Characterizing Propositional Proofs as Non-Commutative Formulas
Abstract
Does every Boolean tautology have a short propositional-calculus proof? Here, a propositional calculus (i.e. Frege) proof is a proof starting from a set of axioms and deriving new Boolean formulas using a set of fixed sound derivation rules. Establishing any super-polynomial size lower bound on Frege proofs (in terms of the size of the formula proved) is a major open problem in proof complexity, and among a handful of fundamental hardness questions in complexity theory by and large.

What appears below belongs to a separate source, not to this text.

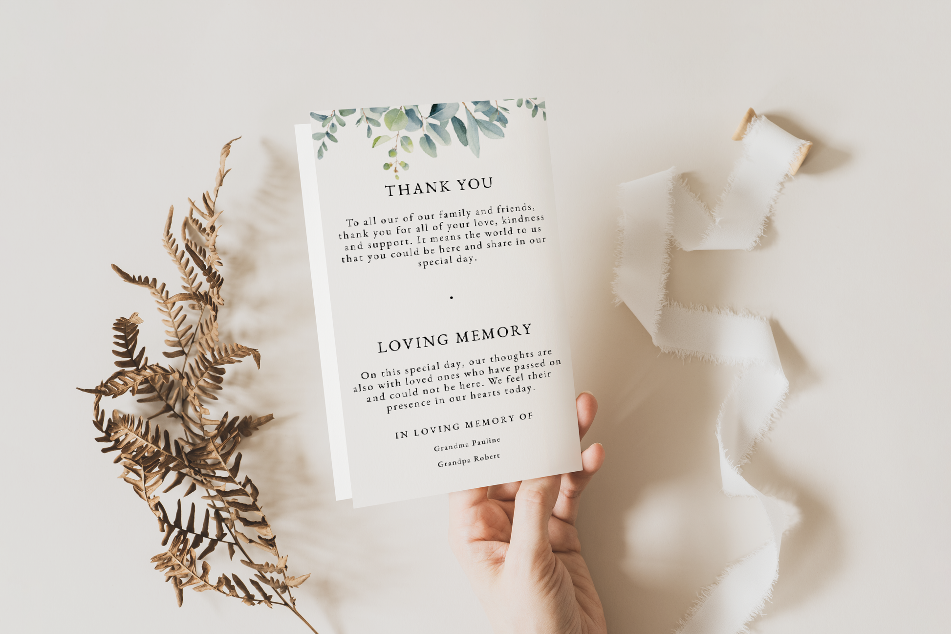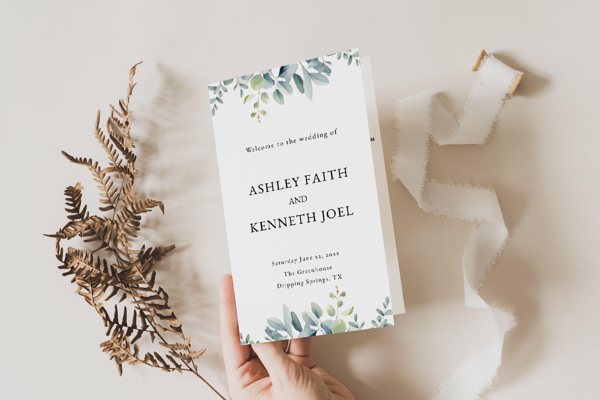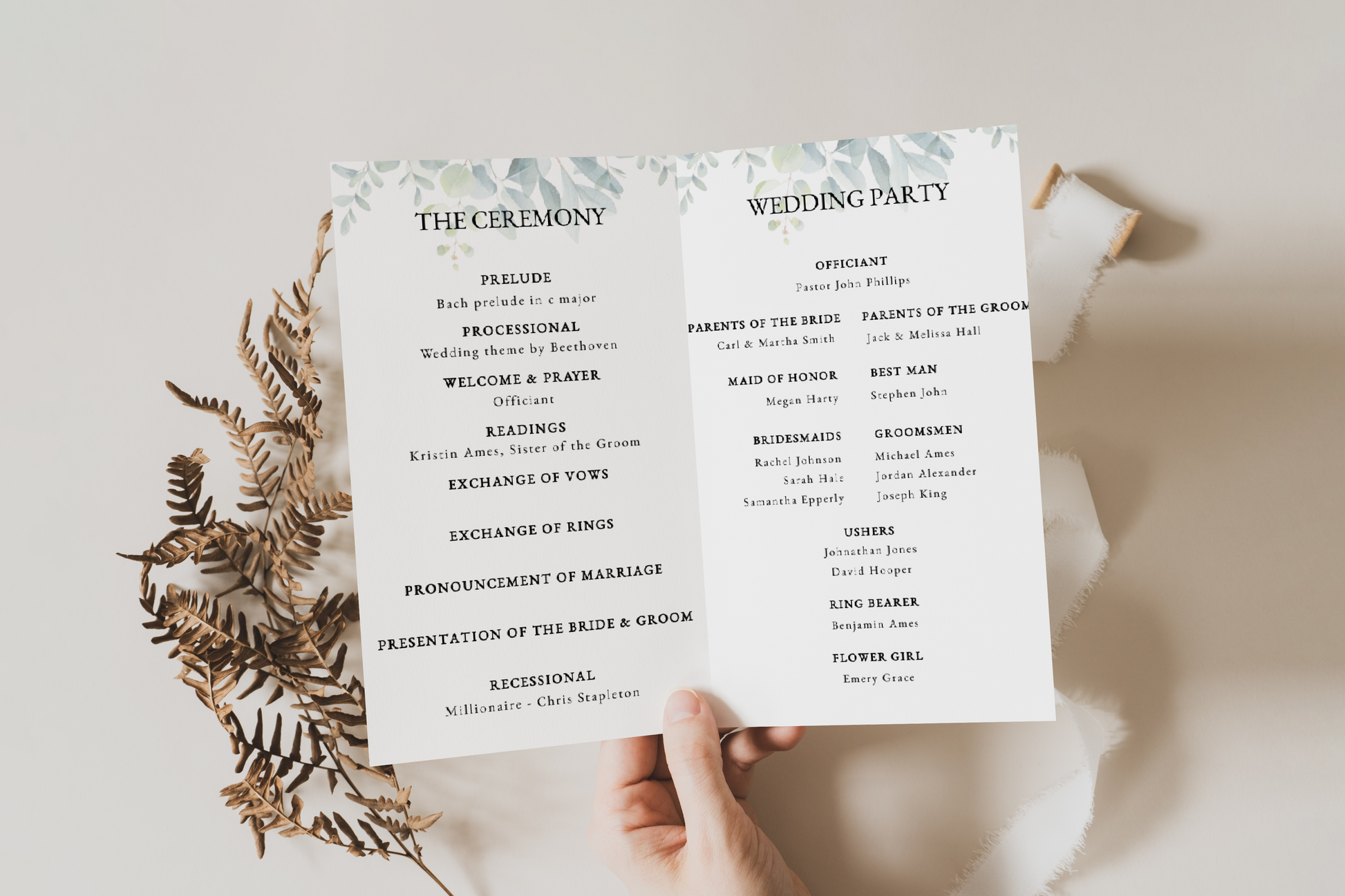 Looking for a beautiful and unique wedding program? Look no further than our eucalyptus program! This program is perfect for your upcoming ceremony. Our template is easy to use and can be customized to fit your needs. Plus, it's printable and instantly downloaded so you can get started right away. Add some greenery to your program with our eucalyptus design and you'll be ready to celebrate in style!

Non-commutative arithmetic formulas, on the other hand, constitute a quite weak computational model, for which exponential-size lower bounds were shown already back in 1991 by Nisan [Nis91] who used a particularly transparent argument. In this work we show that Frege lower bounds in fact follow from corresponding size lower bounds on non-commutative formulas computing certain polynomials (and that such lower bounds on non-commutative formulas must exist, unless NP=coNP). More precisely, we demonstrate a natural association between tautologies T to non-commutative polynomials p, such that: if T has a polynomial-size Frege proof then p has a polynomial-size non-commutative arithmetic formula; and conversely, when T is a DNF, if p has a polynomial-size non-commutative arithmetic formula over GF(2) then T has a Frege proof of quasi-polynomial size.